Na kolejną wyprawę księżniczka daje rycerzowi sieć i truciznę. Będąc w drodze, rycerz słyszy krzyk nieznajomej niewiasty. Nagle ożywa, rusza jej na ratunek, jego przygnębienie znika bez śladu. Z początku waha się czy użyć miecza, siatki czy trucizny, i co by na to powiedziała księżniczka, ale przypomina sobie jak się czuł jeszcze zanim ją poznał - wówczas miał do dyspozycji tylko miecz. Ze świeżo odzyskaną wiarą w siebie wbija ostrze w cielsko smoka, ku radości mieszczan.
Rycerz w lśniącej zbroi nigdy nie wrócił już do swojej księżniczki. Został w nowym mieście i żył długo i szczęśliwie. Ożenił się z wybawioną niewiastą, upewniając się uprzednio że ta nie ma pojęcia o żadnych sieciach ani truciznach. :)

THE END

Morał: drogie różowepaski, musicie zrozumieć że wy, udowadniając swoją miłość poprzez okazywanie troski i pomoc mężczyznom, tak naprawdę sprawiacie im przykrość. Facet najbardziej doceni zaufanie. "Dasz radę/ oczywiście że to zrobisz/ ufam że sobie poradzisz" podbudowuje, natomiast "zrób to tak a tak/ mogłeś to zrobić lepiej/ może zadzwoń po specjalistę/ zapytaj kogoś o pomoc" niszczy męskie ego i pewność siebie. Jak nie wiecie co powiedzieć, czasem lepiej przemilczeć, i dać facetowi robić swoje, uwierzcie mi że będzie wam wdzięczny, i wyjdzie wam to na lepsze, niż jakbyście miały powiedzieć za dużo. :)
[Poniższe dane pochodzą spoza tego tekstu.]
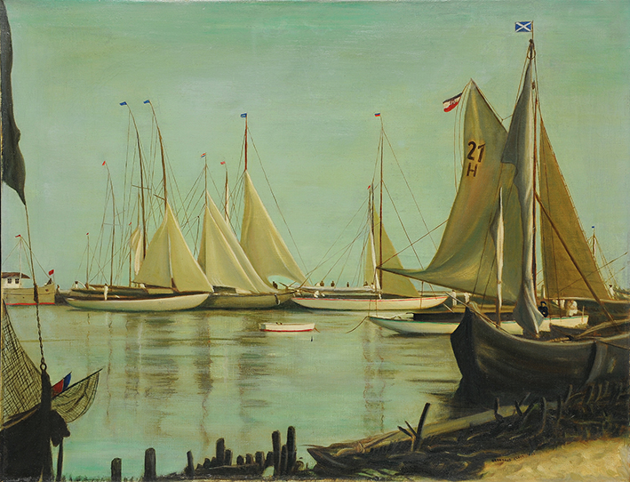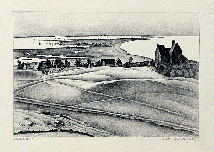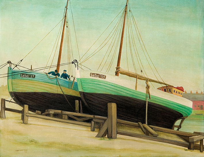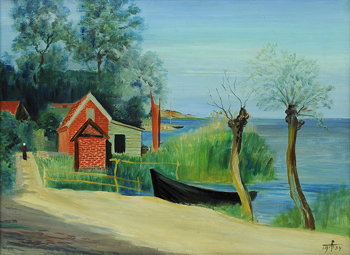 Uferlandschaft mit Fischerhütten und Booten (Pommern)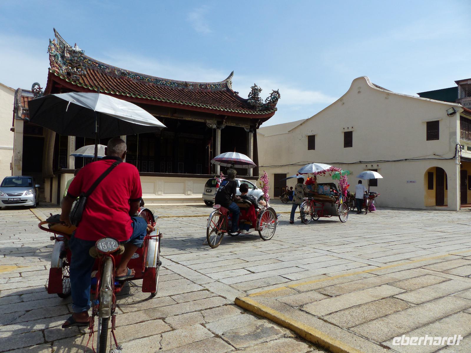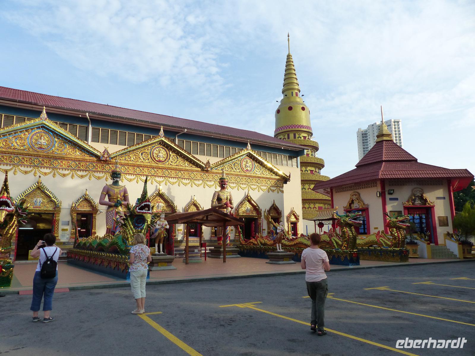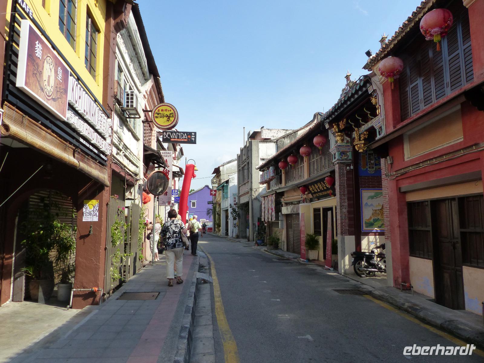 Der heutige Tag beginnt für uns ganz entspannt. Erst am Vormittag treffen wir uns mit gepackten Koffern in der Lobby des Hotels und treten unsere Weiterreise nach Westmalaysia an. Mit einem kurzen Fotostopp an der Staatsmoschee Kota Kinabalus werden wir zum Flughafen gebracht. Es heißt nun Abschied nehmen von der einmaligen Natur und Kultur Borneos, welche uns in der kurzen Zeit doch sehr begeistert und fasziniert hat. Unsere Reise führt uns nun in einen anderen Teil Malaysias. Mit einem kurzen Umsteigestopp in Kuala Lumpur fliegen wir gegen Mittag auf die Insel Penang, wo wir von unserem neuen Reiseleiter Eddie herzlich begrüßt werden. Am frühen Abend geht es für uns direkt ins Hotel, wo wir nach einer kurzen Erfrischungspause bereits unser Abendessen serviert bekommen. Im Anschluss unternehmen wir gemeinsam in der Gruppe einen kleinen Abendspaziergang. Vorbei an unzähligen Garküchen, halten wir an einem kleinen Wagen und kaufen ein kleines Päckchen mundgerechte Durian. Die auch unter dem Namen Stinkfrucht bekannte Frucht, hat zur Zeit Saison, und wer möchte sich die Chance entgehen lassen, diese unter den Einheimischen beliebte Frucht nicht einmal probiert zu haben?! Unsere Meinung: nunja, ein Hochgenuss ist es für uns Europäer nicht, aber Durian ist definitiv essbar und doch fast schmackhafter als Anfangs angenommen.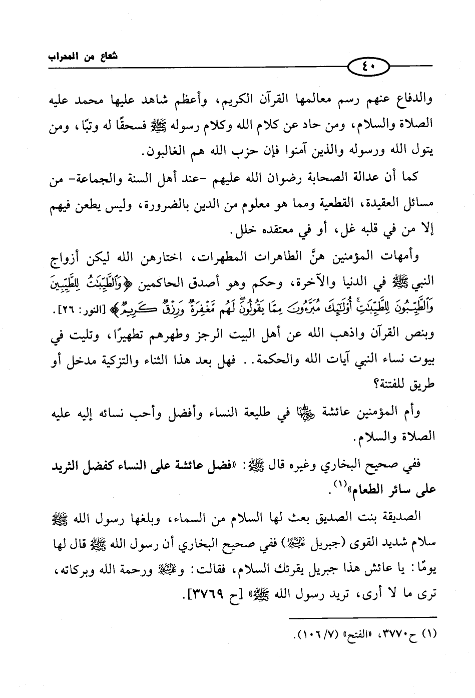 وأمهات المؤمنين هنَّ الطاهرات المطهرات، اختارهن الله ليكن أزواج النبي صلى الله عليه وسلم في الدنيا والآخرة، وحكم وهو أصدق الحاكمين {الطيبات للطيبين والطيبون للطيبات أولئك مبرءون مما يقولون لهم مغفرة ورزق كريم} [النور: 26]. وبنص القرآن واذهب الله عن أهل البيت الرجز وطهرهم تطهيرًا، وتليت في بيوت نساء النبي آيات الله والحكمة .. فهل بعد هذا الثناء والتزكية مدخل أو طريق للفتنة؟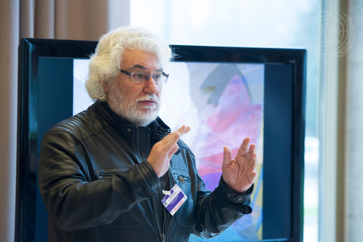 Spanish artist Cristóbal Gabarrón conducts a painting session with children at an event marking International Human Rights Day (10 December) at the Palais des Nations in Geneva.

Jak znajdę coś ciekawego do napisania o podobnej tematyce to wrzucę pod tag #damskomeskie - zainteresowani?

  • 1
@Dawidinho8: znam inną:
Nieustraszony rycerz w lśniącej zbroi przemierza królestwo na swoim wiernym rumaku. Pewnego razu słyszy z oddali krzyk niewiasty. Krzyk bez wątpienia wskazujący na to, iż owa niewiasta znalazła się w tarapatach. Rycerz natychmiast ożywia się, zmusza konia do galopu i pędzi w stronę z której dochodzi wzywanie pomocy. Okazuje się, że straszliwy smok uwięził księżniczkę w zamku. Nieustraszony i szlachetny rycerz dobywa miecza, po czym kładzie smoka trupem.